PDA

View Full Version : Compute shader wrong output, possible synchronization error



Jaa(c)
04-27-2014, 07:02 AM
Hey there,
I'm having a trouble with my compute shader, I'm not really sure what causes the problem, but I think I'm missing something with thread synchronization. I'm doing a simple reduction:


#version 430 core

#define SIZE 256
#define CLUSTERS 5

layout(local_size_x = 16, local_size_y = 16, local_size_z = 1) in;

layout(binding = 0) uniform sampler2D normals;
uniform ivec2 u_texSize;

struct Cluster {
vec3 cntr;
uint size;
};

coherent layout(std430, binding = 0) buffer destBuffer {
Cluster clusters[CLUSTERS];
bool moving;
} ob;

shared uint sizeCache[SIZE];

void main() {
const ivec2 pos = ivec2(gl_GlobalInvocationID.xy);
const vec2 coords = vec2(pos.x / float(u_texSize.x), pos.y / float(u_texSize.y));
const vec3 N = texture2D(normals, coords).rgb;
const bool isNormal = length(N) != 0;

const uint id = pos.y * (gl_WorkGroupSize.x + gl_NumWorkGroups.x) + pos.x;

barrier();
sizeCache[gl_LocalInvocationIndex] = int(isNormal);
int stepv = (SIZE >> 1);
while(stepv > 0) {
if (gl_LocalInvocationIndex < stepv) {
sizeCache[gl_LocalInvocationIndex] += sizeCache[gl_LocalInvocationIndex + stepv];
}
memoryBarrierShared();
barrier();
stepv = (stepv >> 1);
}

if (gl_LocalInvocationIndex == 0) {
atomicAdd(ob.clusters[0].size, sizeCache[0]);
}
barrier();
memoryBarrier();

if(id == 0) {
ob.clusters[0].size = 13; //this has no effect
ob.clusters[1].size = 1; //this works
}
}

The reduction works and produces correct result. However if I try to alter the variable after the reduction, it has no effect, the value doesn't change. I guess that it is rewritten by previous atomicAdd from another thread, but I don't understand why.

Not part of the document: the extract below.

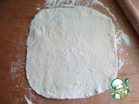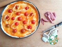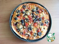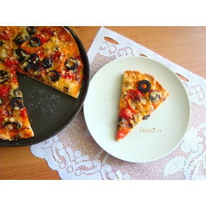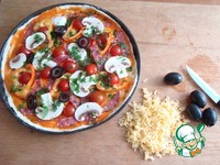 Форму я не подмазываю, она у меня антипригарная. Укладываю тесто по форме, у меня маленькие "бортики" получились. Промазываем соусом томатным. Соус томатный "Суго"- домашний и базовый итальянский соус для пиццы, спагетти и т. д. Его я делала сама. Вот ссылка: http://www.povarenok .ru/recipes/show/130 601/

This is how I read the result on CPU:


glBindBufferBase(GL_SHADER_STORAGE_BUFFER, 0, resultBuffer);

glDispatchCompute(ceil(winSize.x / 16.f), ceil(winSize.y / 16.f), 1);
glCheckError();

glMemoryBarrier(GL_ALL_BARRIER_BITS); //for debug

struct Cl {
glm::vec3 cntr;
uint size;
};

glBindBufferBase(GL_SHADER_STORAGE_BUFFER, 0, resultBuffer);

std::vector<Cl> data(5);
glGetBufferSubData(GL_SHADER_STORAGE_BUFFER, 0, sizeOfresult, &data[0]);


I have NVIDIA GT630M card and linux with nvidia proprietary driver (331.49).

Thanks for any help :)